90 anos de samba
Criadora de melodias incomuns, Dona Ivone Lara festeja aniversário nesta quarta com roda de choro, feijão em família e lançamento de site
Dona Ivone Lara — 90 anos na próxima quarta-feira — prega um susto em quem lhe pergunta se continua a fazer samba:
— Não, parei…
Para logo depois corrigir:
— … por enquanto. Daqui a pouco, se Deus quiser, volto.
É bom saber que a parada é curta, apenas uma breve pausa no trabalho de uma mulher que há 70 anos vem ajudando a enriquecer o samba — e gêneros afins — com o raro dom de criar melodias.
Parar, mesmo, Dona Ivone não pretende tão cedo. Tem perto de 15 sambas recém-feitos com o parceiro Délcio Carvalho e continua aceitando convites para shows, como o de duas semanas atrás, no Rival. Tudo isso apesar das limitações impostas pela recuperação de uma fratura no fêmur e da vista direita perdida em razão da necrose decorrente de um glaucoma.
— Da esquerda, enxergo perfeitamente — diz ela, deixando claro que os óculos são apenas para não modificar a imagem que todos conhecem.
O aniversário será comemorado em família, com direito a bolo, feijão branco e roda de choro, esta um presente do músico Abel e de seu grupo. Dona Ivone vive hoje com o filho Alfredinho, a nora Eliana, netos e bisneto, numa acolhedora casa de Osvaldo Cruz. O ambiente é tipicamente suburbano, com o mesmo espírito de vizinhança que Dona Ivone conheceu no Rio de antigamente.
— Esta era uma rua sem saída — conta Eliana. — Desde que viemos morar nesta casa, pensamos em fechar a entrada para transformar o local num condomínio, mas fazia 20 anos que um dos vizinhos era contra. Até que o convidamos para uma roda de samba aqui em frente, e ele mudou de ideia.
Regida por Villa-Lobos
Samba de Dona Ivone Lara realmente tem força. É o que explica ela ter passado a vida a superar barreiras que pareciam separá-la do prazer de viver a música. Em menina, morando na Tijuca, fugia de casa para dançar e cantar nos terreiros do Salgueiro. Quando voltava, apanhava da mãe, que, apesar de cantora do Rancho Flor do Abacate, queria outra vida para a filha. O pai, sete cordas do Bloco dos Africanos, morreu quando Dona Ivone tinha apenas 3 anos. Aos 10, perdeu a mãe.

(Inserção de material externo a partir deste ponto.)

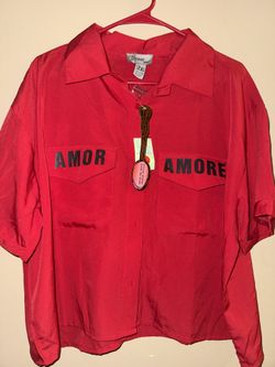 Spoon Jeans Red AMOR AMORE Button Up Shirt 2XL$10Dearborn Heights, MI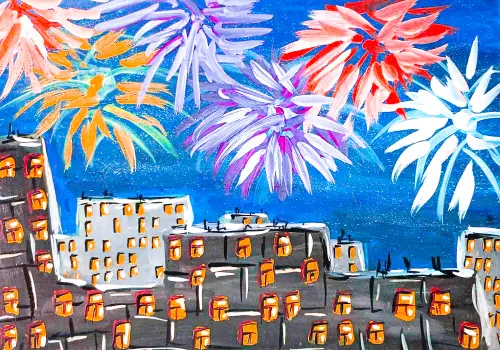 Творческая работа выполнена юным художником красками. Картина посвящена любимому району, показанному в особенный момент праздника, когда ночное небо озаряется праздничным фейерверком.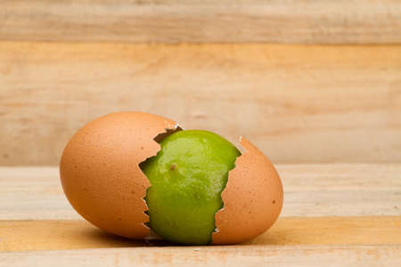 Baking, pastry making or tasty breakfast concept. Two cracked eggshells with strong light and shadows on white cutting board. High quality photo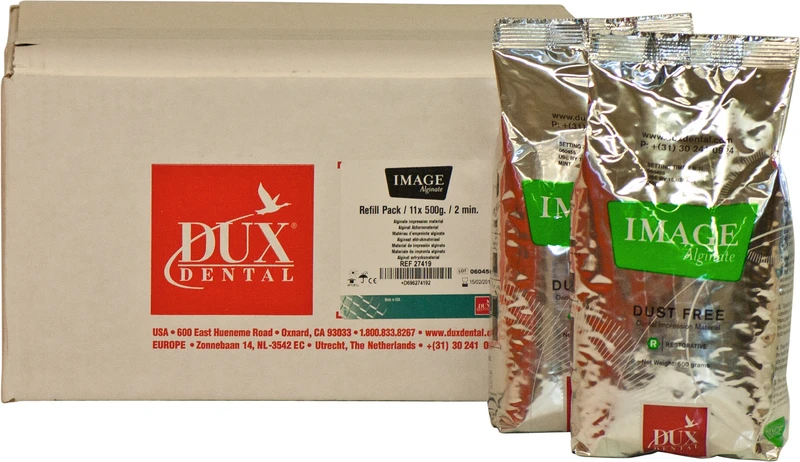 IMAGE Alginate ist staubfrei, sehr glatt, cremig und einfach sowohl per Hand als auch maschinell anzumischen. Die grüne Farbe macht Abdruckdetails einfach zu lesen. IMAGE Alginate hat einen frischen Minzgeschmack und ist 100 % biologisch abbaubar und bleibt 4 Tage (100 Stunden) stabil und formfest. NH = 3 Minuten, SH = 2 Minuten.

Por esses dados, acredita-se que tenha sido pouca a influência dos pais sobre Dona Ivone. Da mesma forma, o curto tempo em que estudou com Lucília Villa-Lobos, mulher do maestro famoso, não antecipou o que seria a compositora (foi por essa época que, aluna de Orsina da Fonseca, cantou “A lavadeira” no coro regido pelo próprio Villa-Lobos).
— Fui criada por uma tia, tia Cota, que também não gostava de samba — lembra ela, já se referindo aos tempos de Serrinha, quando trocou, para sempre, o Salgueiro pelo Império Serrano. — Tia Cota gostava de jongo, mas não de samba, que ela achava coisa para homem. Achava que eu, moça que pretendia fazer curso superior, não devia me misturar com a gente da escola.